At first, one of the main concerns during SEC discussions before SLV was allowed to be brought on stream was the potential impact on silver prices. Most silver investors know that silver is in short supply and estimates place about only 5% of the available supply as “excess” and thus capable of becoming the “tail wagging the dog”.
And sure enough, even before the fund was approved, the rumor sent silver prices to their highest levels since the Hunt brothers cornered the market back in 1980. But despite this concern, the fund was given the approval.
After an initial run-up and sell-off (“buy the rumor and sell the news”), the fund’s share prices now seem to have stabilized and closely track silver prices. But other facts still cloud the fund.
James Turk, a knowledgeable silver investor and silver analyst, seems to have done silver investors a favor by taking out his magnifying glass and going over the required fund prospectus. (You can view his article at: http://www.financialsense.com/editorials/turk/2007/0305.html.)
In his article, he points out the fact that contrary to the hype, SLV fund shares are not totally backed by physical inventory.
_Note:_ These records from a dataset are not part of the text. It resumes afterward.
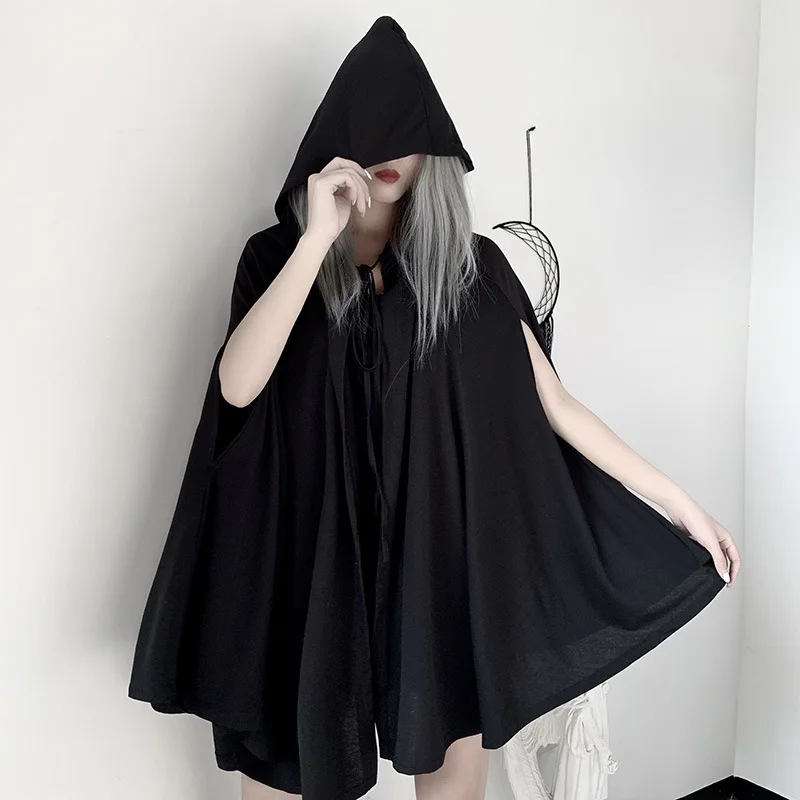 Винтажная Готическая накидка, пончо в стиле Харадзюку, с капюшоном и ремешком, плиссированная верхняя одежда, зима 2021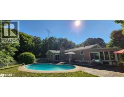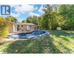 34-ACRE COUNTRY RETREAT WITH AN INGROUND POOL, IN-LAW POTENTIAL & LIMITLESS POSSIBILITIES! Set on an incredible 34-acre property surrounded by towering trees and peaceful natural beauty, this sprawling bungalow offers true country living with endless room to roam, complete with manicured trails perfect for walking, biking, or snowmobiling. Embrace a lifestyle defined by nature and tranquillity, just minutes from Georgian Bay’s beautiful beaches, local parks, and a grocery store, with Wasaga Beach only 15 minutes down the road. The property makes an unforgettable first impression with a circular driveway offering parking for more than 20 vehicles, a detached double garage, multiple sheds, and plenty of space for a future shop. The expansive backyard features an inground pool surrounded by a generous patio, perfect for outdoor entertaining or quiet relaxation. Over 3,200 finished square feet, including more than 1,850 on the main level, provide an abundance of living space for families, multi-generational living, or those dreaming of a country retreat. The large kitchen features white cabinetry, built-in appliances, a centre island, and an open connection to the formal dining room, making it ideal for hosting gatherings. The bright living room overlooks the treed front yard, while the family room features a cozy wood fireplace and a walkout to the backyard. A separate sun-filled hot tub room with a fireplace offers an additional sliding door walkout leading to the pool and patio area. The finished basement extends the possibilities with in-law potential, complete with a second kitchen, living room, den, rec room, two bedrooms, and a full bathroom. Whether you envision a peaceful family haven, a multi-generational escape, or simply a property with room to grow, this exceptional #HomeToStay is filled with opportunity and ready for your personal touch to make it truly yours! (id:50886)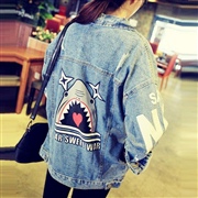 寬鬆蝙蝠袖印花鯊魚長袖牛仔外套 [外套] [牛仔褸]

As a matter of fact, the inventory shortfall demonstrates another fear of silver futures investors- that they may not be able to get delivery of silver contracts if they are called for delivery if contracts exceed actual silver supply.
But what has become even more disturbing is the fact that the fund is not under the jurisdiction of the SEC! The fund is not subject to regulation by the SEC as an investment company.
Consequently, the owners of SLV do not have the regulatory protections provided to investors in normal investment companies. To add more suspicion, Turk uncovered the fact that the prospectus allows the fund to use a mechanism called SPEs (special purpose entities) which were used by Enron to defraud its investors. Incredible!
So far, Barclays- the owner of? SLV- has not made a formal rebuttal to these serious accusations.
As far as other Silver ETF opportunities, there are three other Swiss Silver ETFs but they are only available to Swiss citizens. So, for now, SLV is the only active silver ETF.
Considering the fact that there are some serious doubts that SLV? ? is not what it was designed to offer investors- a cost-effective means of making an investment similar to holding silver- investors are probably best advised to fully educate him or herself before investing in the Silver Exchange Traded Fund.